ASSIGNMENT
The expected output is the line with "PAIRE de LAMPES" plus all lines after it to the end of the material below, reproduced exactly, with pictures omitted and nothing else included.

SOURCE MATERIAL
——————————

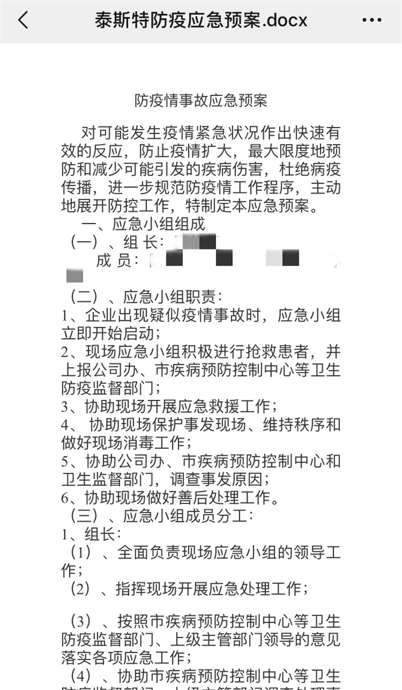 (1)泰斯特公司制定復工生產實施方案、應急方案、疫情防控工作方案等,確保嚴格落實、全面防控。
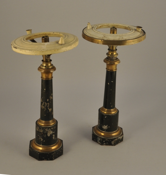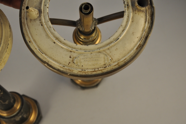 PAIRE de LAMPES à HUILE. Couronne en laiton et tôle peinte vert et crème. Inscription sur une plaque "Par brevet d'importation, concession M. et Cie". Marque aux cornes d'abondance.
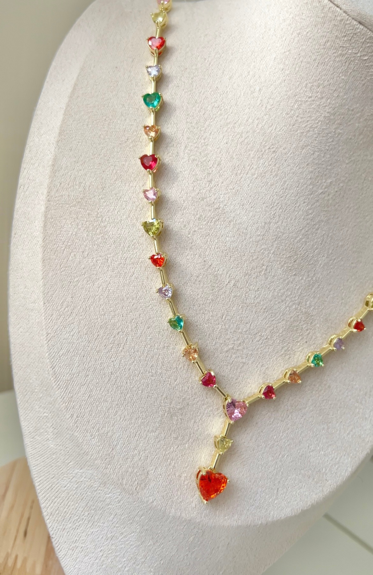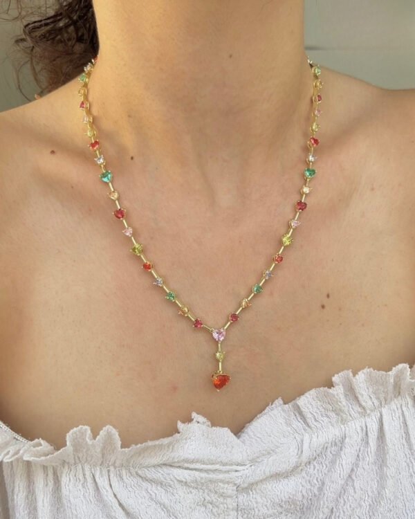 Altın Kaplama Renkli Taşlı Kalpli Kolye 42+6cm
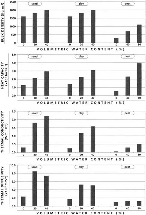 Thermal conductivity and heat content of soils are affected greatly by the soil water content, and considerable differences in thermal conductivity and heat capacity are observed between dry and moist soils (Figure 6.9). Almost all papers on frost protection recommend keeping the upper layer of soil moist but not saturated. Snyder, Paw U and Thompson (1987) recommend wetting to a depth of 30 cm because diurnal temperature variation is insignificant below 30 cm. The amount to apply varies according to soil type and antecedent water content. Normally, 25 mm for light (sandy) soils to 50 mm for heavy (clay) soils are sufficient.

——————————

EXERCISE SOLUTION
 PAIRE de LAMPES à HUILE. Couronne en laiton et tôle peinte vert et crème. Inscription sur une plaque "Par brevet d'importation, concession M. et Cie". Marque aux cornes d'abondance.
 Altın Kaplama Renkli Taşlı Kalpli Kolye 42+6cm
 Thermal conductivity and heat content of soils are affected greatly by the soil water content, and considerable differences in thermal conductivity and heat capacity are observed between dry and moist soils (Figure 6.9). Almost all papers on frost protection recommend keeping the upper layer of soil moist but not saturated. Snyder, Paw U and Thompson (1987) recommend wetting to a depth of 30 cm because diurnal temperature variation is insignificant below 30 cm. The amount to apply varies according to soil type and antecedent water content. Normally, 25 mm for light (sandy) soils to 50 mm for heavy (clay) soils are sufficient.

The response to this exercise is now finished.